A refresher as your turf starts to wake-up for a new season or for at any point throughout! This micronutrient is an important one and so this post a little longer. Feel free to comment, offer additional insights or information.
The mineral composition of soil, pH, and the availability of ions principally depends on the nature of the underlying rock (Larcher 2003). Iron (Fe) makes up an average of 5% of the earth’s crust (Carrow 2001). It can be found everywhere and is generally not found to be deficient in native soils and associated native plants. Typically, Fe is found affixed to an organic chelates created from microbial activity and root exudates that occur naturally in the soil. Factors affecting the availability of Fe for active uptake by the turfgrass plant are, pH, aeration and soil moisture, soil temperature, organic matter, and the interaction between Fe and other nutrients in the profile. Fe plays a vital role in plant physiology by allowing the plant to capture and store the suns energy during the process of photosynthesis. Fe is also an important component of plant enzymes and proteins involved in respiration, and nitrogen metabolism. There can be challenges with the plants ability to uptake this mineral.

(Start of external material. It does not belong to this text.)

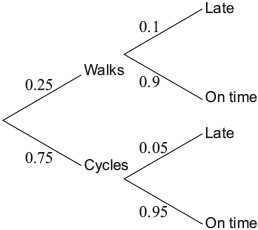 Maria travels to school either by walking or by bicycle. The probability she cycles to school is 0.75.

Fe is usually present in soil in fair amounts, and deficiencies often result from soil conditions (especially high pH) that restrict Fe uptake by the plant (Grounds Maintenance 1997). Fe is readily available in more acidic soils where pH is less than 6. In highly acidic conditions (pH <5) Fe levels can reach toxic conditions for the plant if the conditions are right; Ie: saturated, compacted soils. It is not uncommon, however, to find a pH greater than 6 when looking at the environment created to host a golf course putting green and the more common turfgrass plants such as Poa Annua and Agrostis stolonifera. As the pH increases >6 Fe becomes less available and is virtually unavailable when it is in excess of 7, this can seen in highly calcareous soils.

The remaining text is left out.